Meet the FoQaCiA partners: University of Granada
The University of Granada FoQaCiA node is coordinated by PI Jara Juana Bermejo-Vega, with contributions to all scientific workpackages of the project, notably to WP2 on the complexity of classical simulation of quantum computation.
Some of the recent output of the Granada node includes an open software package for improved simulation of certain non-Clifford unitary gates, and a paper on the efficient experimental verification of graph states, useful in measurement-based quantum computation. You can watch a talk Jara Juana gave on this topic in this year’s FoQaCiA workshop, available here, with the following summary:
Speaker: Jara Juana Bermejo-Vega (Univ. of Granada)
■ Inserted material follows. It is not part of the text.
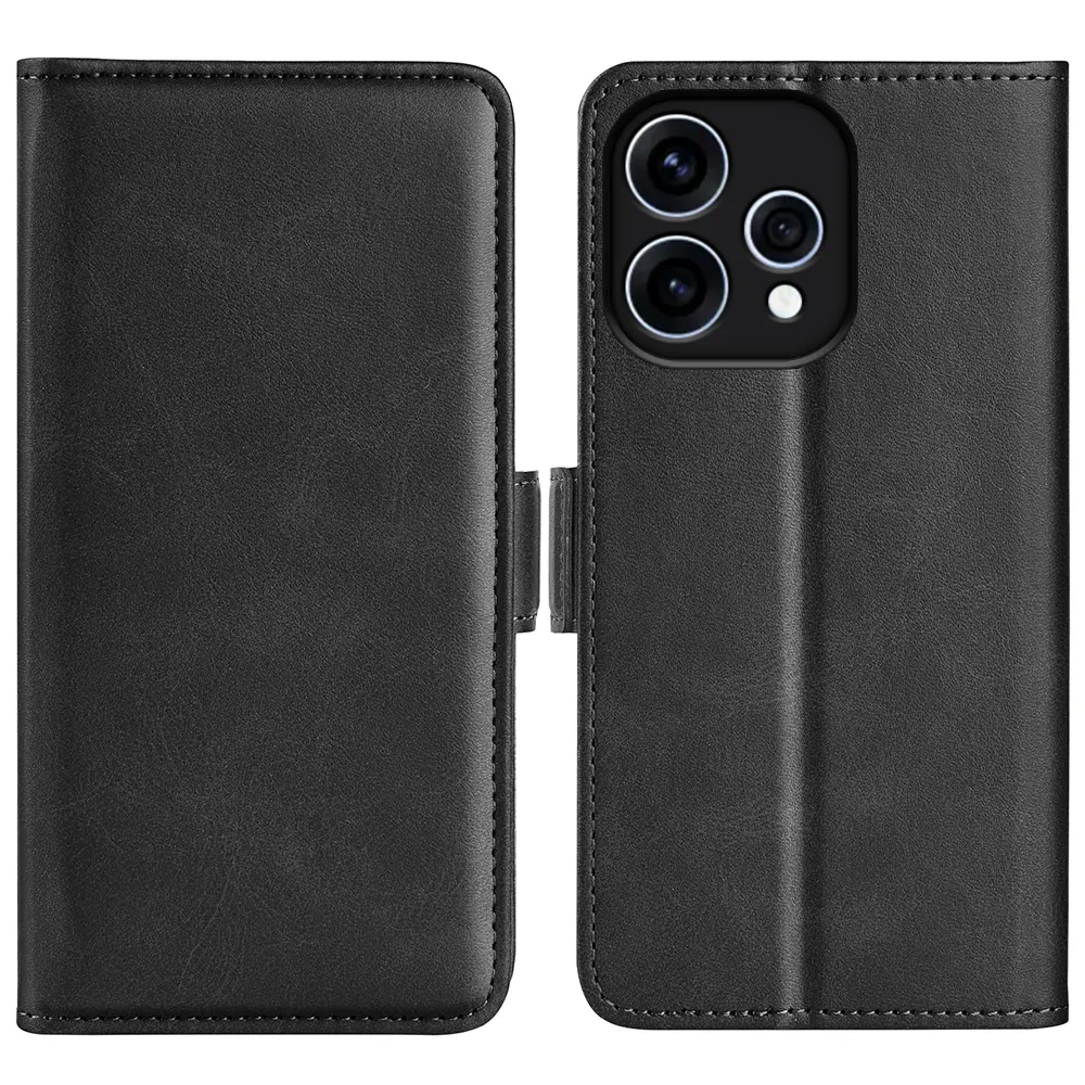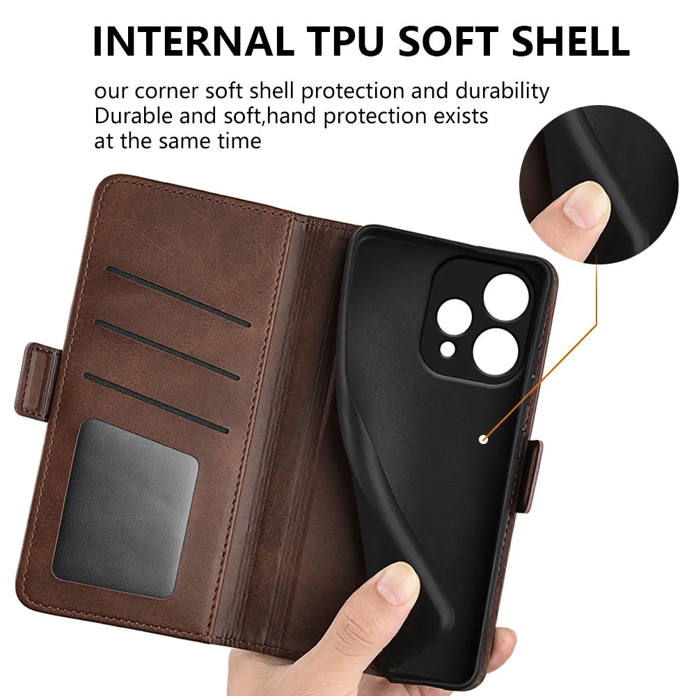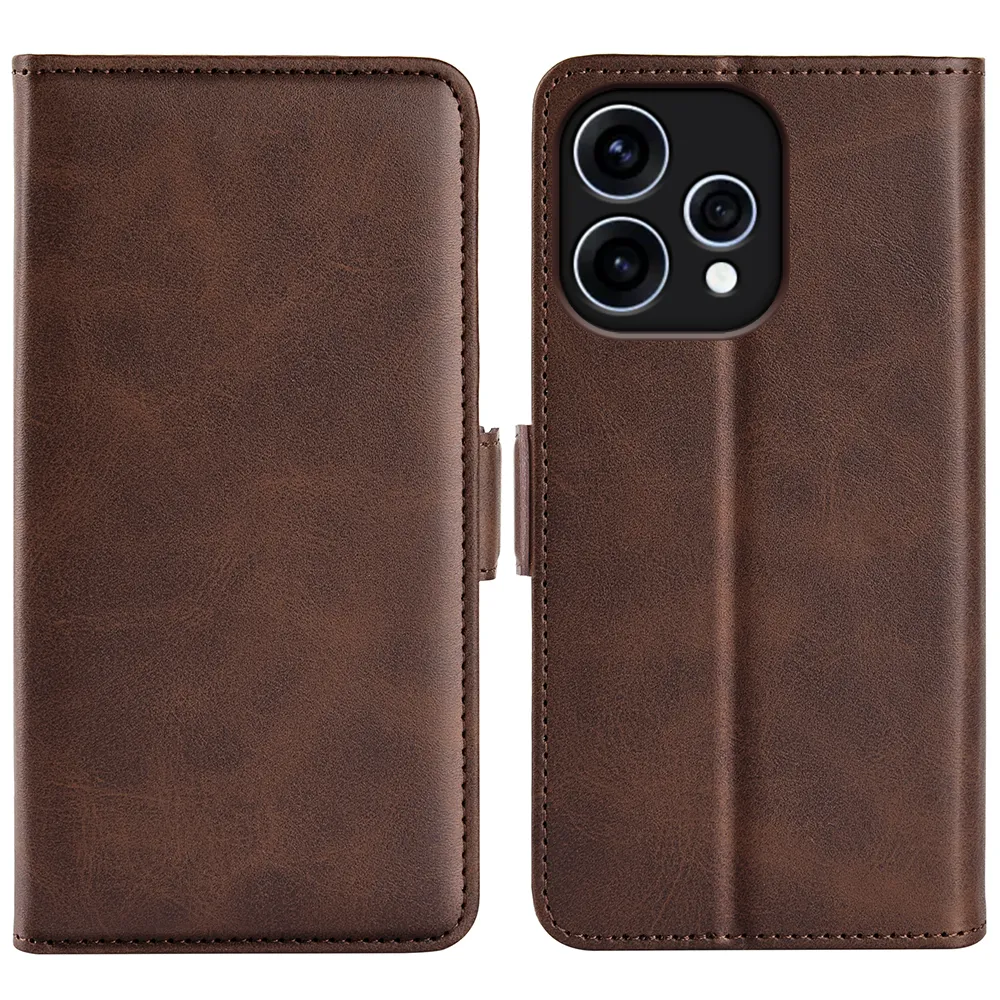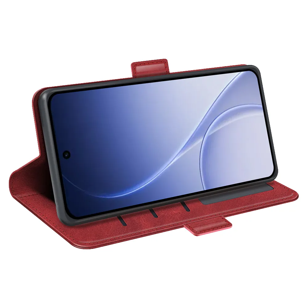 For OPPO Reno 15 5G Double Buckle Wallet Style Folio Flip Leather Case with Stand and Card Slots Function

Title: Reliable quantum computational advantages from quantum simulation
Abstract: Demonstrating quantum advantages in near term quantum devices is a notoriously difficult task. Ongoing efforts try to overcome different limitations of quantum devices without fault-tolerance, such as their limited system size or obstacles towards verification of the outcome of the computation. Proposals that exhibit more reliable quantum advantages for classically hard-to-simulate verifiable problems lack, at the same time, practical applicability. In this talk we will review different approaches to demonstrate quantum advantages inspired from many-body quantum physics. The first of them use entangled quantum resources such as cluster states, which are useful to demonstrate verifiable quantum advantages based on sampling problems (Theory proposal Phys. Rev. X 8, 021010, 2018 and recent experimental demonstration arXiv preprint arXiv:2307.14424). The second probe measurement of many-body quantities such as dynamical structure factors in quantum simulation setups (Proceedings of the National Academy of Sciences 117 (42), 26123-26134).
About FoQaCiA
The FoQaCiA project aims to advance the understanding of the fundamental principles and methodologies that underpin the development of quantum algorithms. This includes exploring new algorithmic frameworks, optimizing existing quantum processes, and identifying innovative approaches to leverage quantum computing's unique capabilities. The project involves 11 partners from Canada and the EU and is funded by NSERC, the European Commission, and UKRI. The project started in October 2022 and has already resulted in 7 open software packages and 57 preprints and papers, among other outputs.